Глава 16

Я напомнил Кирсновскому о том, что мы летали все время вдалеке от источника света. От этих слов его перекосило сильнее, чем от падения на землю. Он уселся около побитой кареты с решительностью досидеть там до самого рассвета. Под светом фонарей вид у него был еще плачевнее, чем я видел до этого.

Создания из металла и магии лежали кучками хлама по всему пустырю. Голем принять бой так и не успел, а вырытая им траншея стала его же могилой.

Часовщик был присыпан землей и мелким хламом из сундука. Кровь на рассеченном лбу успела запечься. Вроде бы даже дышал без особых затруднений, а значит умирать в ближайшие минуты не собирался.

Кирсновский надулся от обиды хуже малолетнего ребенка и отказывался со мной разговаривать. Я махнул на него рукой и отправился на поиски оброненного дамского пистолетика.

Магическое зрение не сильно помогало в поисках. Без нормального источника света все сливалось в мутноватую картину. Хоть бери и откручивай фонарь с кареты. От этой задумки я отказался быстро, едва взглянув на хмурого химеролога. Как бы он мне в горло не вцепился, когда он увидит покушение на один из оберегов от черного духа. Ай, черт с ним, все равно без нормального инструмента не сниму.

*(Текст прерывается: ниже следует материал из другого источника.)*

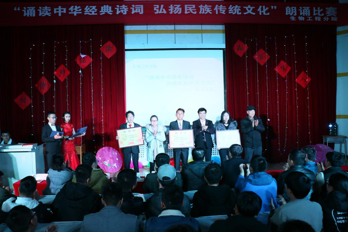 最后,食品营养与检测17023班朗诵的《我用残损的手掌》以丰富的肢体语言、面目表情及或深沉或高昂的音调吸引着观众为此掌声不断荣获一等奖,农产品质量检测17024班《沁园春·长沙》、生物技术17055 班《行路难》荣获二等奖,生物技术17056班《春江花月夜》、绿色食品生产与经营17014班《西洲曲》、园艺技术17052班《致橡树》荣获三等奖,各位领导及老师为获奖队伍颁奖。
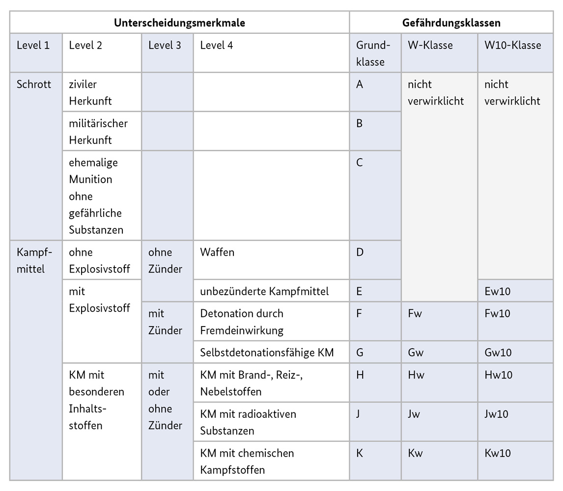 Die heutigen technischen Möglichkeiten der Kampfmittelräumung führen dazu, dass sehr unterschiedliche Gegenstände bei Kampfmittelräumungen gefunden werden. Die Spanne reicht von zivilem Schrott (Getränkedose oder Stahlseil) bis zu kampfstoffhaltigen Kampfmitteln. Um eine einheitliche Benennung und Bewertung vornehmen zu können, werden die Funde in 10 Fundklassen eingestuft. Hierfür sind alle Funde eindeutig zu identifizieren. Die Fundklassen werden mit den Großbuchstaben A bis K gekennzeichnet. Um Verwechselungen zu vermeiden, wurde der Buchstabe „I“ nicht vergeben.
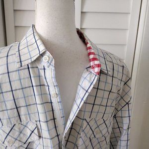 Zara Man Tailor Fit button-front shirt. Blue plaid with contrasting red & white check cuffs and inside collar. Mint condition with no defects.
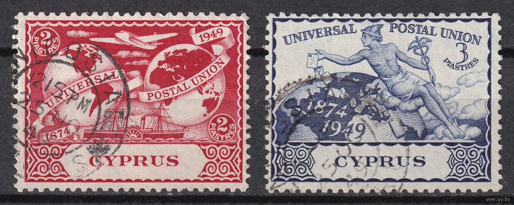 121.BrK. Великобритания. Колонии. Кипр. 75 лет Всеобщему Почтовому Союзу. 1949 г. 2p, 3p. Mi.##160/161.

Ладно бы пистолетик был розовый в белый горошек или хотя бы простого цвета стали. Но нет же, ищи теперь маленькую черную вещицу на земле под неярким светом луны.

Бесцельно пошлявшись по пустырю с десяток минут, бросил это занятие. Оставаться здесь смысла не было никакого, а усталость потихоньку забирала свое.

Одному шляться по ночному Боратовску желания не было. Чаща мне совершенно незнакома с ее плотной жилой застройкой и узкими улочками. Заблудиться среди улиц проще простого, а дорогу спросить в столь поздний час попросту негде. Но я был не один.

После попыток поднять Кирсновского посредством применения мягкой силы он со мной заговорил. А уж после применения силы пендалей по мягким местам сообщил, что за нами уже едут и с минуты на минуту должны быть здесь.

На пустырь приехала небольшая бежевая карета. Кучером был еще один подопечный Кирсновского. На беглый взгляд никаких звериных черт у него не проступало. Обычный мужик в льняной рубахе с немного опухшим от пьянок лицом. Его даже звали по человеческому имени Гришей. Не знаю, правда, зачем, если со своими химерами у Кирсновского была ментальная связь. Для меня представление устраивал, наверное.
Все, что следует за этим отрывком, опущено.